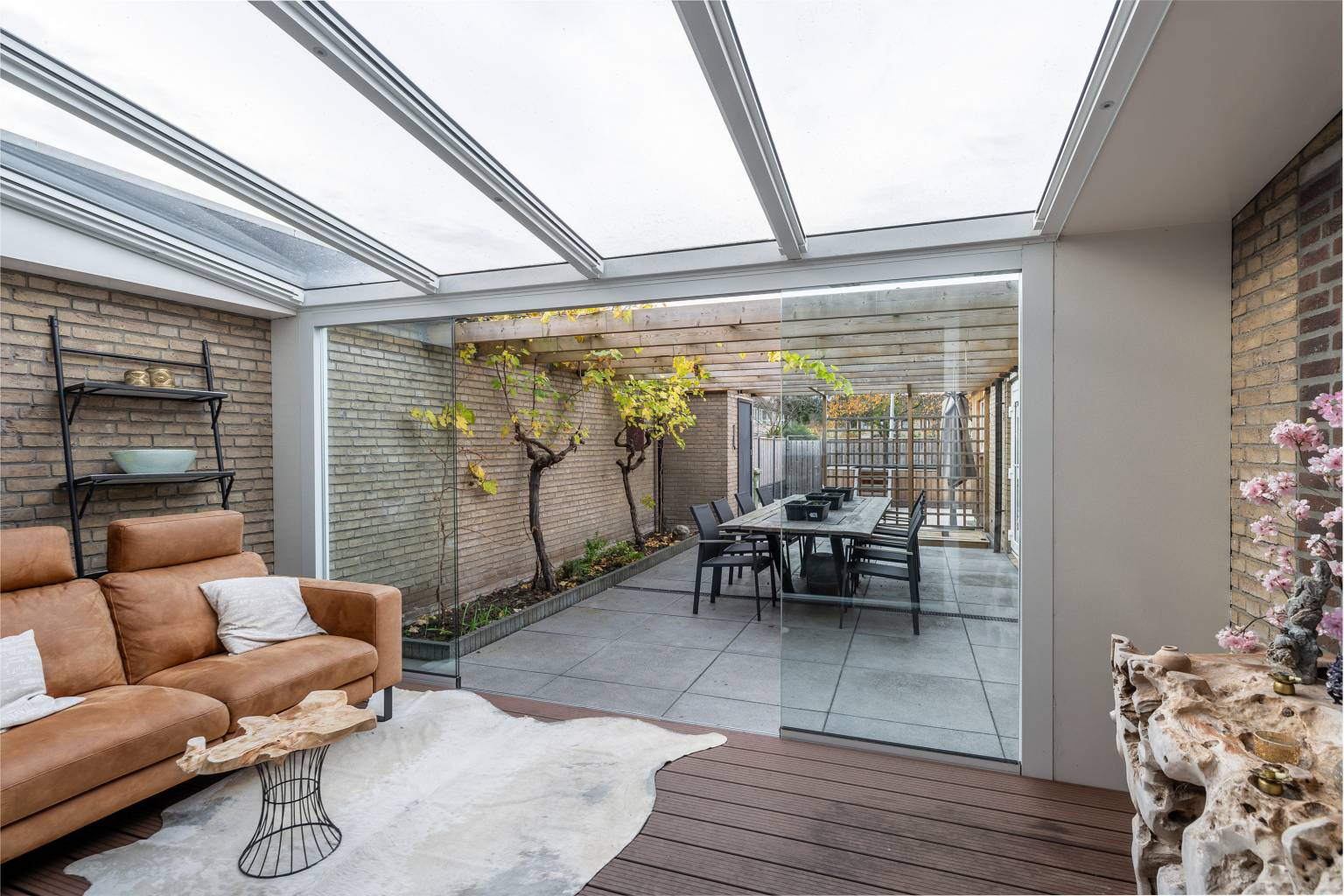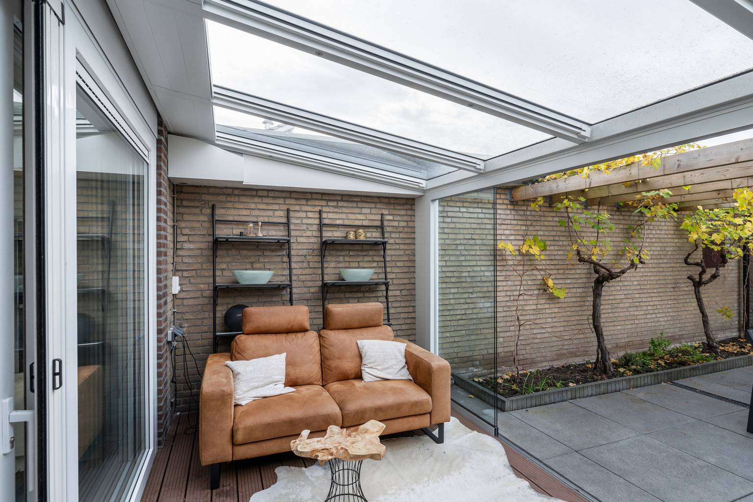 De serre is gebouwd tegen de buitengevel, waarbij het dak is voorzien van glazen panelen met een elektrisch zonnescherm. De glazen schuifdeuren zorgen ervoor dat de serre kan worden afgesloten van buiten, maar dat het zicht over de tuin behouden blijft. Er zijn stopcontacten aanwezig voor elektra en de ondergrond is voorzien van vlonderplanken.
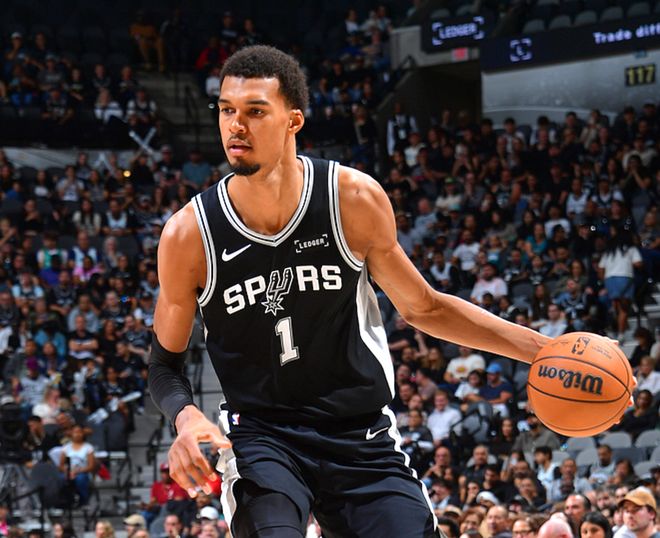马刺主场迎战鹈鹕,马刺是背靠背作战(昨日击败火箭),体能不足,好在福克斯此战复出,迎来赛季首秀,马刺方面哈珀、科内特缺阵,鹈鹕方面锡安、穆雷、普尔缺阵,马刺一直保持领先,一度领先19分,最终以7分优势拿下比赛。文班19中8得到18分18板3助3帽,福克斯14中9得到24分3板3助,鹈鹕方面墨菲22中15(三分11中5)得到41分9板3助。
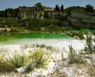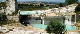 Attraversato il passaggio a livello, si trova il bivio per le cave di travertino sulla destra. Qui inizia il percorso della pietra caratterizzato da visioni sorprendenti sulle vecchie cave di travertino, spesso invase dall'acqua dopo il loro abbandono.
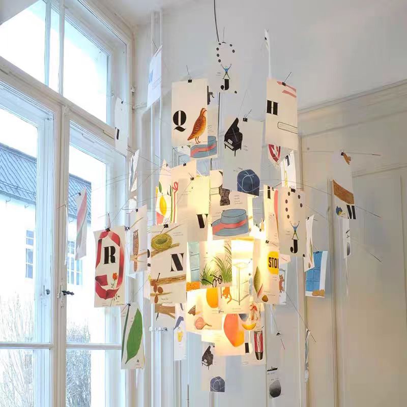 算是个艺术吊灯吧,上面插了一圈带夹子的金属条,用来挂自己打印的图片或者照片都行。给你看看别人的效果图,我家其实灯太长而且图片有点挡投影了。
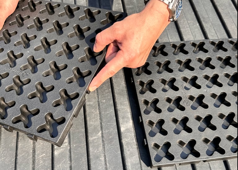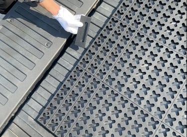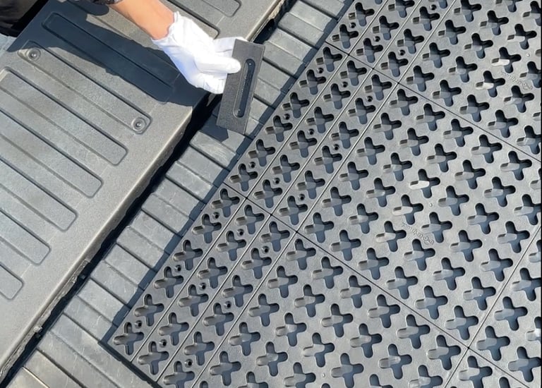 Press down firmly to secure Gripteck in place use the strips and slide ramps provided to complete the setup.
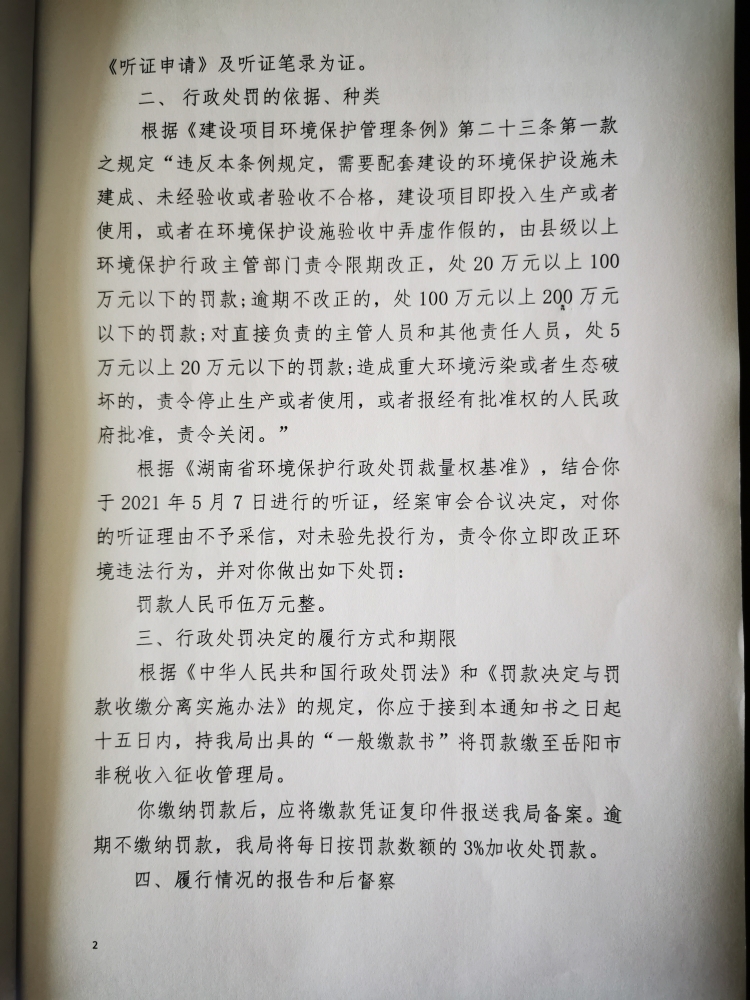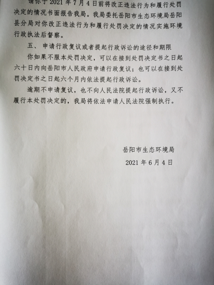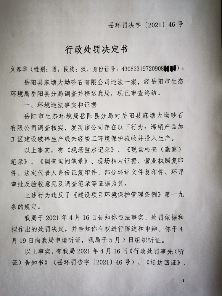 行政處罰決定書 嶽環罰決字[2021]46號

============================================================

* **Problem description**: Only the lines from the one that contains "算是个艺术吊灯吧,上面插了一" to the end of the records, inclusive, are to be quoted exactly, with pictures excluded.

* **Problem solution**:
 算是个艺术吊灯吧,上面插了一圈带夹子的金属条,用来挂自己打印的图片或者照片都行。给你看看别人的效果图,我家其实灯太长而且图片有点挡投影了。
 Press down firmly to secure Gripteck in place use the strips and slide ramps provided to complete the setup.
 行政處罰決定書 嶽環罰決字[2021]46號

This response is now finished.